Шурх. Потемнело.
Хлоп. Куча земли выше дяди Фёдора.
Шурх. Хлоп.
И не просто куча земли — стоит перед ними огромная баба. Вся земляная. Песок осыпается. Руки-коренья в земле и камнях. Лицо — словно ком проросшей картошки. Синеватые ростки-червяки шевелятся. Запах от неё такой, какой в подвале бывает, если в тот подвал много лет не заглядывать.
— Зачем пришли? — спрашивает.
А голос у неё, как будто валун ворочается в проточной воде.
Шарик молчит. Хвост поджал, сам скукожился, по земле стелется.
Матроскин молчит. Уши к затылку прижались, лапы во все стороны сразу бежать готовы.
И дядя Фёдор молчит. Во рту сухо. Язык будто наждачная бумага, дёсны дерёт.
— Так зачем пришли? — повторяет земляная баба. И росту в ней становится ещё больше прежнего. Корни сквозь неё прорастают и видно, как в земляной утробе человеческие косточки белеют.
Тут дядя Фёдор и слышит, как кто-то его голосом говорит.
— Мы, бабушка, пришли корову покупать.
Шевелится язык дяди Фёдора. А сам он ничего с ним поделать не может.
— Корову, стало быть, — говорит земляная баба, — корова — скотина ценная. Меня саму батюшка на корову сменял, не задумался. А что взамен предложишь?
Дядя Фёдор изо всех сил тянет руку к карману, а губы его против воли шевелятся:
— А что ты хочешь?
— Взяла бы я твоё имя, — отвечает баба, — да только крепко оно заворожено. Но ничего. Вот товарища твоего имя лежит с самого краешка. Я вижу, как оно сверкает, как ему на месте не лежится. Отдай мне имя своего товарища. А я тебе взамен знатную корову дам. Не пожалеешь!
Дядя Фёдор всё тянет руку к карману. Кажется ему, будто кармана-то и нет вовсе. А если и есть, то он в такой дали, что ему и за сто лет не дотянуться. А во рту у него словно жаба сидит, выпрыгнуть хочет. Мерзкий клубок, склизкий. Настоящее имя кота Матроскина.
Покосился мальчик на кота, а на том лица нет. И видно, как под чёрной шерстью у него кровь от шкуры отлила. Страшно коту, как никогда страшно не было.
А губы дяди Фёдора шевелятся и нет на них никакой управы.

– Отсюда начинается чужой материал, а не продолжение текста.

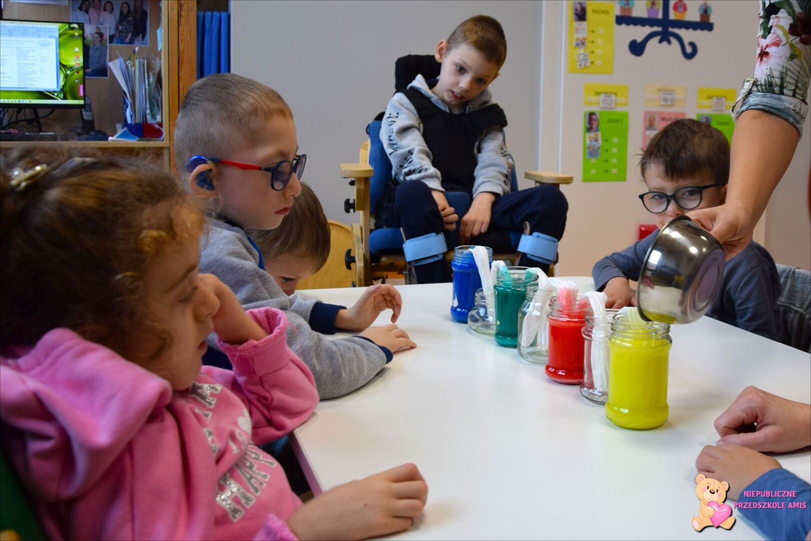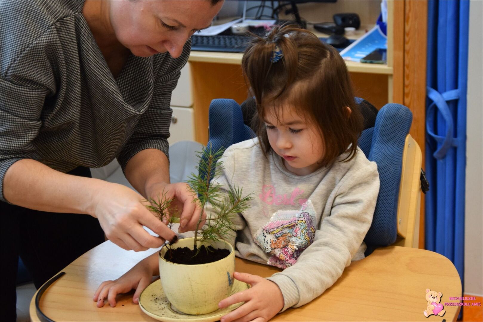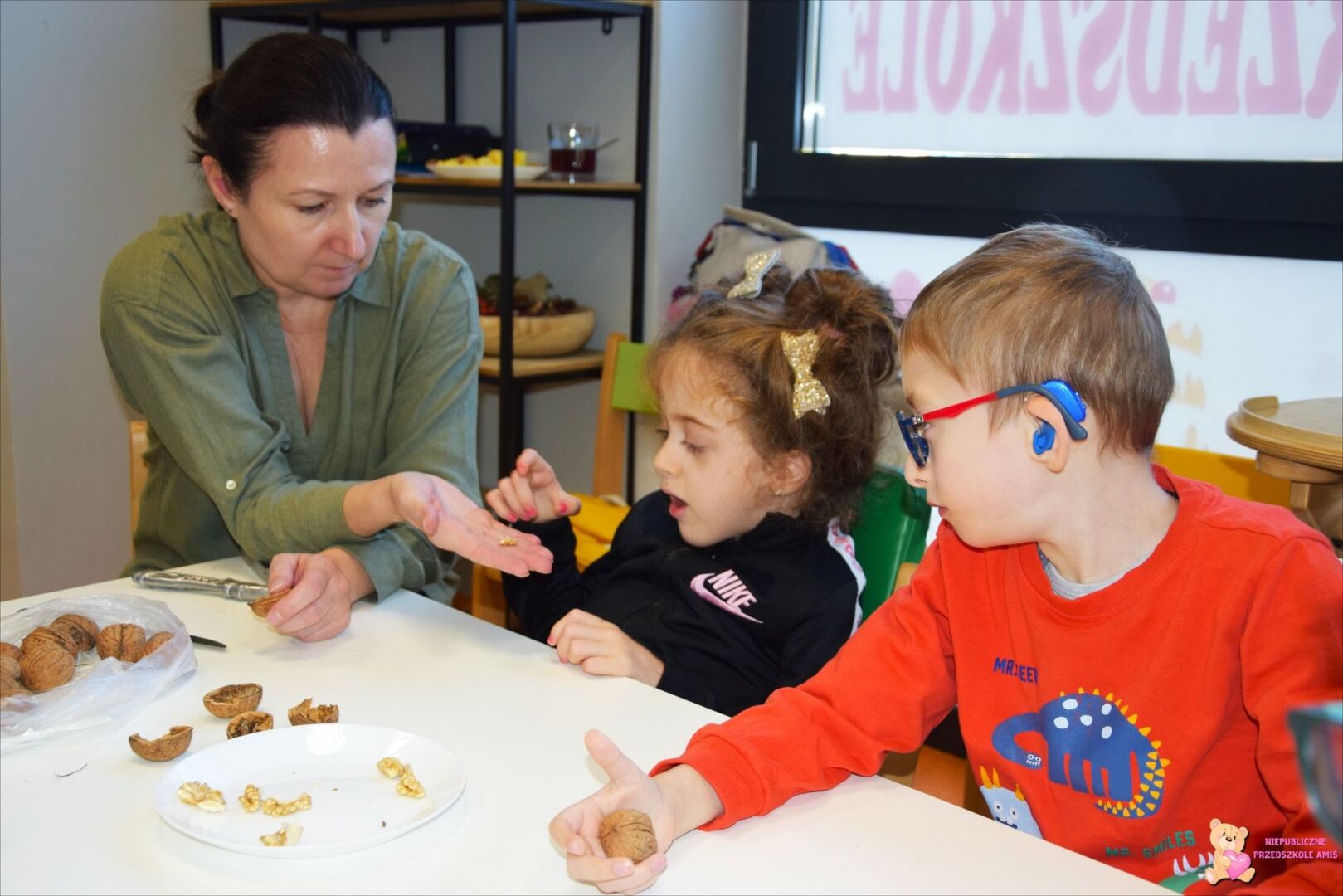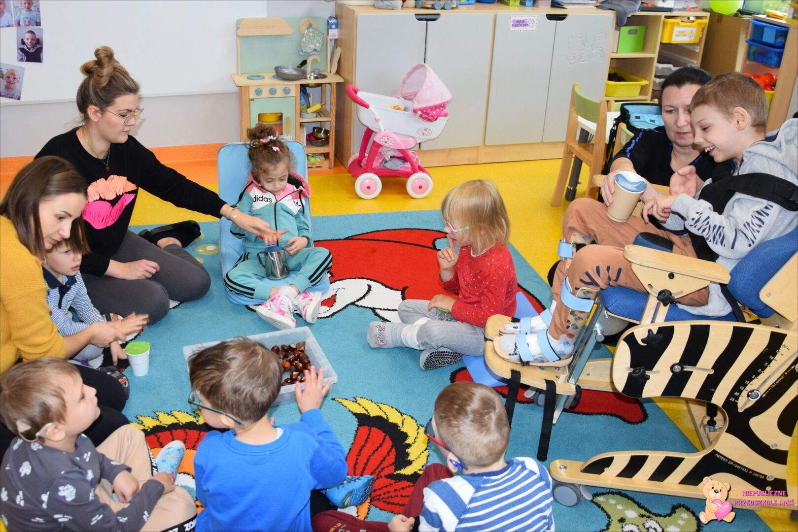 W tym tygodniu przedszkolacy z grupy Żabek 🐸przenieśli się w magiczny i kolorowy świat Pani Jesieni. Była to barwna przygoda, która wymagała od naszych dzielnych Amisiaków zaangażowania i ciężkiej pracy. Dzieci poznały zwierzęta, które mieszkają w parkach i lasach🦊🐿🦆. Wskazywały i nazywały je na obrazkach, a następnie sprawdziły swoje umiejętności słuchowe rozpoznając zwierzęta, po wydawanych przez nie odgłosach. Po utrwaleniu wiedzy na temat fauny przyszedł czas na poznanie flory. Przedszkolacy poznali drzewa, które występują w naszych lasach i parkach. Dopasowywali liście i owoce do danego drzewa. Ćwiczyli pamięć i myślenie przyczynowo-skutkowe układając rytmy. W tym tygodniu szczególnie ciężko pracowały rączki naszych Amisiaków . Dzieci segregowały dary jesieni: liście🍂🍁, orzechy, kasztany, żołędzie oraz szyszki. Wykonywały pracę plastyczną kolorując liście barwnikami za pomocą pipetek. Sadziły sadzonki świerka. Z łupin orzecha zrobiły łódeczki, biedronki🐞, owoce🍏, motyle🦋, co tylko podsunęła im wyobraźnia. Oczywiście nie zapomnieliśmy o pracy stóp🦶, które musiały przejść przez ścieżkę sensoryczną. A najfajniejsze było to, że przy tych wszystkich zadaniach dzieci świetnie się bawiły, śpiewając i interpretując ruchem jesienne piosenki.

— Ме… ме… ме… — говорит он изо всех сил стараясь не дышать, чтобы настоящее имя кота не выдохнуть.
— Что ты мекаешь? — смеётся земляная баба.
И смех у неё такой, каким вороньё на погосте душегуба в могилу спроваживает.
— Может ты козликом быть хочешь, дурашка?
— Мел… мел… — говорит дядя Фёдор и чувствует, как кончики пальцев карман нащупали.
— Ну что же ты? Не томи! — грохочет баба, будто камни с самого неба падают.
А мальчик монету нащупал и сжал со всей силы. Монета раскалилась, и руку ему обжигает. Держать мочи нет. Но чувствует он: отпустило.
— Мало ли, чего ты хочешь, — говорит.
Монета жжёт, выкинул бы, да отпустить — страшнее всего. Он медленно руку достаёт из кармана и монету старухе протягивает.
— Вот тебе твоя плата!
Пошатнулась земляная баба. Словно солнце проглянуло и высушило её земляную плоть. Песок посыпался пуще прежнего.
— Что ж, — говорит она тихонько, — долго эта монета меж людей ходила, пора ей и назад возвращаться. Это достойная мена. Забирай свою корову.
Погас фонарь. Опустилась непроглядная тьма. А когда она развеялась, то стояла перед ними корова. Рыжая, мордастая, важная такая. На шее — платок белый повязан.
А в небе солнце. И деревня в двух шагах видна.